Weiter entfernt schloss der Dezember-2026-Maiskontrakt bei 4,64 US-Dollar, was einer Reduzierung um 5 1/2 Cent entspricht. Auch der März-2027-Maiskontrakt verzeichnete einen Rückgang und beendete den Handel bei 4,79 1/2 US-Dollar, ein Minus von 4 3/4 Cent. Die Kassapreise für die neue Ernte folgten diesem Trend und sanken um 6 1/2 Cent auf 4,13 3/8 US-Dollar. Diese Bewegungen unterstreichen eine durchdringende bärische Stimmung, die am Donnerstag den Maismarkt erfasste, angetrieben durch eine Kombination aus enttäuschender Nachfrage und Anpassungen auf der Angebotsseite.

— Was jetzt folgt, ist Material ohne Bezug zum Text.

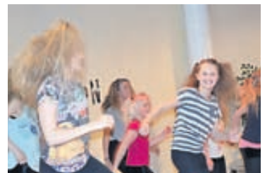
Flataskóli hefur verið mjög virkur í eTwinning-verkefninu. Þar hefur borið hæst þátttaka í „Schoolovision“ en það er verkefni sem er unnið í yfir þrjátíu löndum í Evrópu.

Nánast allir leik-, grunn- og framhaldsskólar landsins hafa tekið þátt í verkefnum styrktum af Comeniusar-hluta Menntaáætlunar Evrópusambandsins. Einn af þeim skólum er Flataskóli í Garðabæ. Skólinn hefur einnig verið virkur í eTwinning en það er rafrænt samstarf skóla víðs vegar í Evrópu styrkt af Menntaáætlun ESB.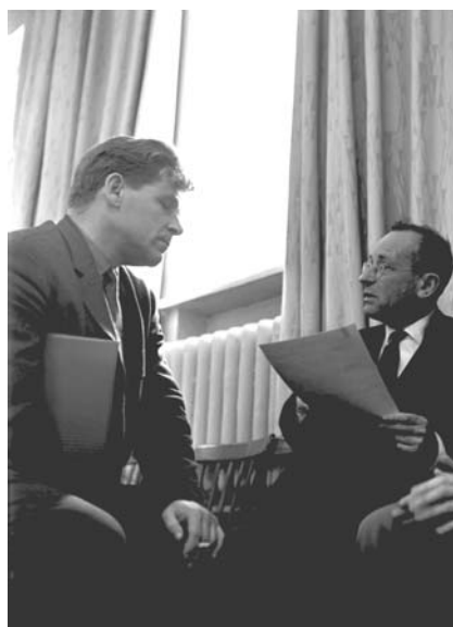
И. В. Чувило и В. И. Векслер. 1964 г.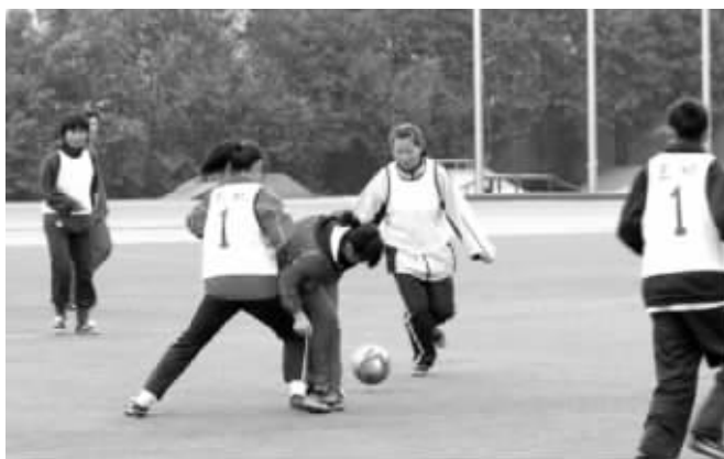
南京南湖一中校园足球搞得很红火 (资料图片)

近来,关于校园足球的各种消息接二连三,让人们对学校足球这个话题重视起来。昨天,亚足联精英教练进校园系列活动在南京市南湖一中进行,前国家队女足名将高红现身活动现场,亲自给南湖一中的足球小将们授课,活动现场气氛热烈。事实上,这段时间,校园足球已经在全国范围内开展起来,南京更是热闹非凡。热闹是热闹了,但刚刚上路的校园足球其实还缺乏门道,若想真正对未来的中国足球有所帮助,还需要解决诸多实际问题。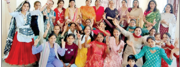
मेनी गलर्स बीएड कॉलेज में प्री होली मिलन समारोह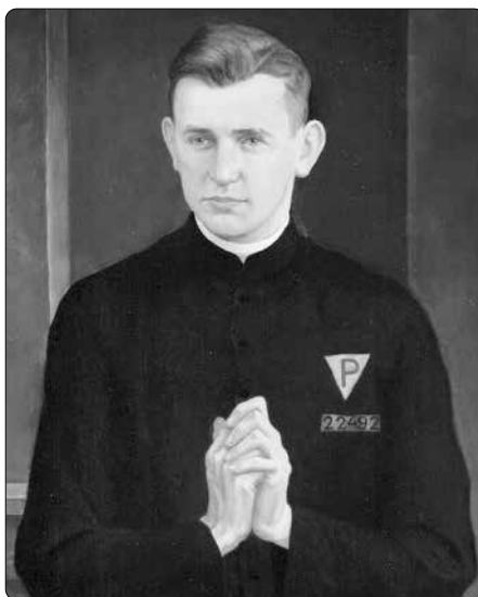
Blahoslavený Stefan V. Frelichowski

V očích okupantů byl podezřelý kvůli své angažovanosti v harcerském hnutí, jehož dvěma pilíři byly víra a patriotismus. Dočasným působištěm P. Vincenta se stal Fort VII, což bylo vězení vytvořené ze součásti někdejšího toruňského opevnění. Slovo „působiště“ není použito nahodile – na každém svém vězeňském místě si rodák z Chlumže počínal podle slov spoluvězňů tak, jako by šlo o farnost, do níž ho poslal jeho biskup. Věnoval se zde mládeži, která v těchto trudných okamžicích potřebovala duchovní pomoc více než kdy jindy. Samozřejmě nejen jí, byl

Die Kombination aus einer geringer als erwarteten Exportnachfrage, insbesondere für alte Maisernte, und einer Abwärtskorrektur der globalen Produktionsprognosen schuf ein herausforderndes Umfeld für die Maispreise. Obwohl einige zugrunde liegende Stärken, wie höhere kumulierte Verpflichtungen für die neue Ernte im Jahresvergleich, bestehen, wurde die unmittelbare Marktreaktion eindeutig von den negativen Nachrichten dominiert, die die Kontrakte auf breiter Front nach unten drückten. Die Marktteilnehmer werden nun nachfolgende Exportberichte und sich entwickelnde Wettermuster genau beobachten, um mögliche Stimmungsänderungen zu erkennen.